R. Jagadeeswara Rao
‘They not only prevent soil erosion but also act as catalyst in reclaiming land from sea’
Mangroves have almost disappeared in West Godavari and in parts of East Godavari
If not restored, it will lead to vulnerability to coastal storms, cyclones
VISAKHAPATNAM: Degradation and destruction of mangroves in Krishna, West and East Godavari districts have been a cause of serious concern to environmentalists. Andhra Pradesh has the second largest mangrove forests in the country, the first being West Bengal.
According to D.E. Babu, professor and Head of Zoology Department, Andhra University, in East Godavari mangroves are distributed in an area of 32,580 hectares covering 380 km. Thanks to the aquaculture boom in the early 80s, mangroves almost disappeared in West Godavari district and in parts of East Godavari district. Recently, mangroves in some 200 acres have been destroyed for industrial purpose in Krishna district, which has triggered a hue and cry.
In East Godavari, 99 villages with a population of 35 lakhs depend on the mangroves directly or indirectly. Any degradation will adversely affect lives and livelihood of these people, he points out.
In Visakhapatnam, stretches of mangrove plantations near Chavulamadum have been cleared for industrialisation. In Bhairavapalem in East Godavari district, more than 200 acres of mangrove plantations have been destroyed for industrialisation, he recalls.
Mangroves are not only important but also crucial for States like Andhra Pradesh, which has a long coastal area. Since estuarine areas are highly populated, the slightest ecological imbalance will take a heavy toll during natural calamities. Mangroves play a vital role in stabilising these areas. Mangroves are buffers between land and sea. They not only prevent soil erosion but also act as catalyst in reclaiming land from the sea. Mangrove forests and estuaries are breeding and nursery grounds for a number of marine organisms, including the commercially important shrimp, crab and fish species.

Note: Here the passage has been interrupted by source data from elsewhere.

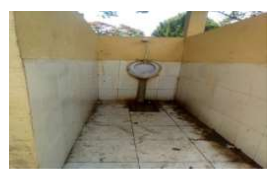
Toilet and Urinal
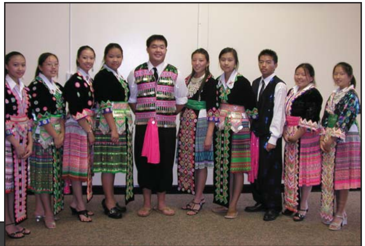
(right) The Hmong dancers and singers who entertained during the World Neighbors Mission Festival.

from the delegates will be used to further refine this new structure.
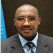
Hon. MUSONI Protais MINICAAF
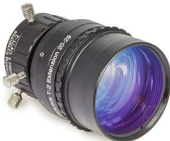
MPCC V-1-Set #2458403

With T-2 and M48 thread or photography with all Newtonian telescopes
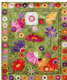
Block of the Month Check our Web Page
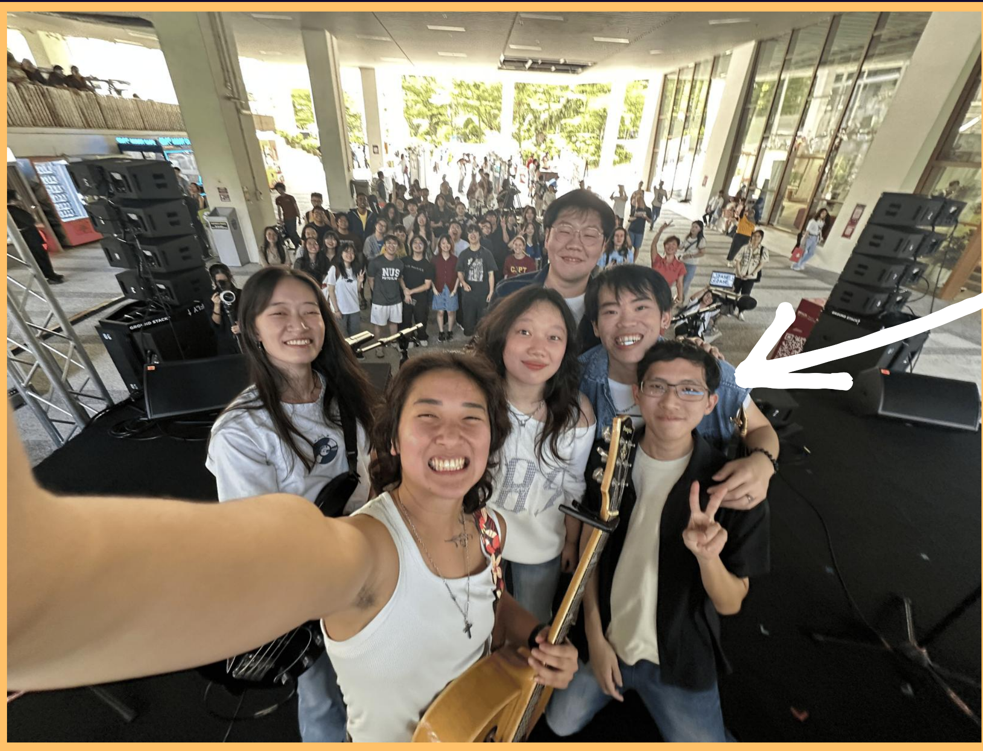
Overdrive concert @ Central Library Forum (2026) ft. code-switch
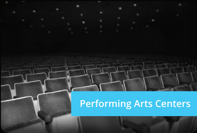
Performing Arts Centers
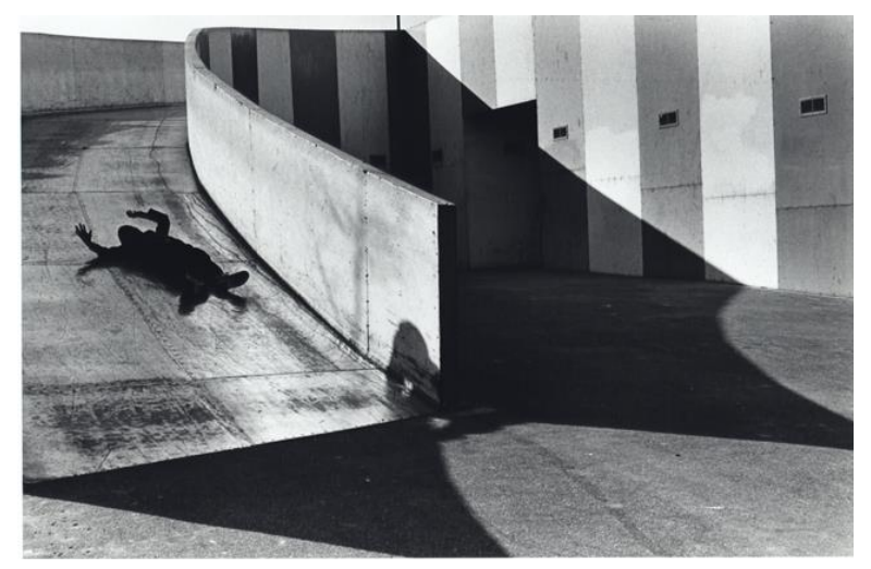
Park Slide, Washington, DC, Burk Uzzle, 1967. Gelatin silver print, 11 x 14".

Uzzle's photographs are graphic, bold, and visually complex, creating a visual meditation on the tensions of late twentieth-century America. These images are puzzles to be contemplated at length, asking questions about the nature of the individual and collective psyche in an increasingly post-industrial landscape. There is nothing sentimental in these images; instead they are challenging, and sometimes humorous, images that ask us to stop, look, and reflect.
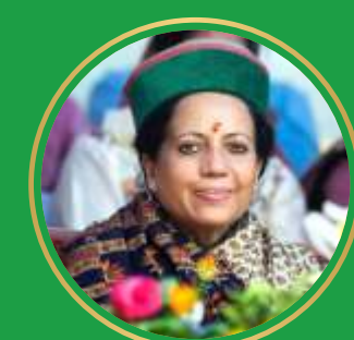
Smt. Pratibha Singh Indian Politician from Himachal Pradesh
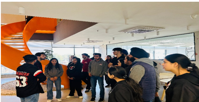
Students interacting with officials of Escalon
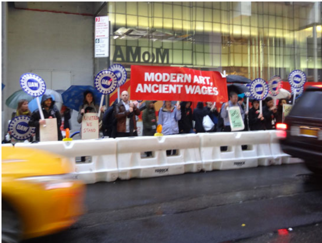
Museum of Modern Art staff protests Healthcare cuts outside of a fundraising event.

The main disappointment is still the breach of the commitment that was promised. Artists were told that Daros acquired works for
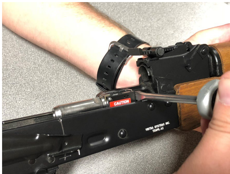
Figure 12: DO NOT PRY AT THIS LOCATION

WARNING: When removing the Charger Chamber, Do Not pry on, or put any pressure on, the circuit board or cover. Doing so may result in damage to the board and render the recoil kit un-useable. See Figure 12 and 13 for where NOT to pry. See Figure 14 for an acceptable spot to pry against metal.
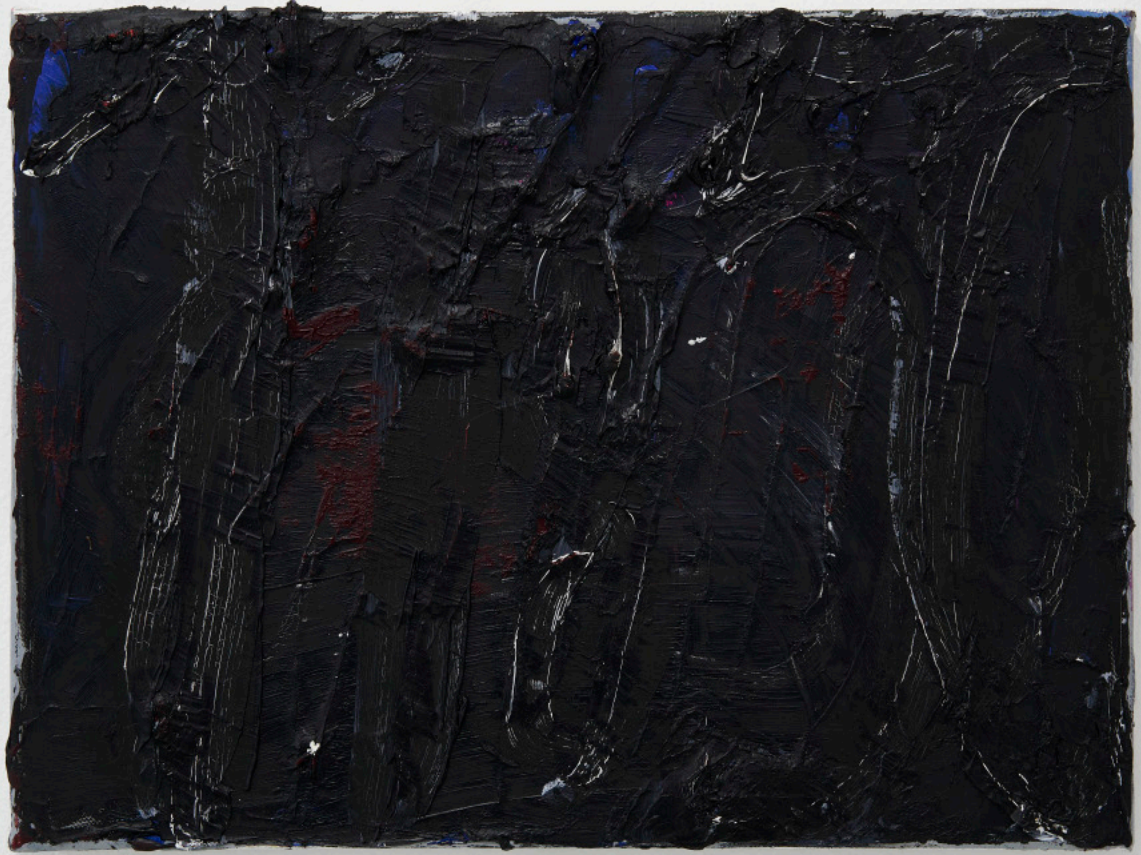
Magnus Frederik Clausen. Tentotwelve (Nina after Noah) , 2021. Acrylic and oil on primed linen. 29 × 39 cm

If delta areas are not protected with mangroves, there will be the threat of silt, Prof. Babu says. It is the main source of income for shore-line communities like fishermen. The threats to mangroves include land reclamation for construction and industrial activities, domestic pollution, dumping of debris and waste, deforestation for fuel food and over harvesting marine wealth.
If, for example, 100 acres of mangroves are destroyed for any purpose, plantation should be taken up on 200 acres. This is all the more important in view of the possibility of coming up of many industries along the coast, he says. “Unless restoration of degraded mangrove forests becomes a community movement, we will lose precious mangrove areas, leading to enhanced vulnerability to coastal storms and cyclones and loss of opportunity to sustainable livelihoods” – this warning by reputed agriculture scientist M.S. Swaminathan is worth mentioning here.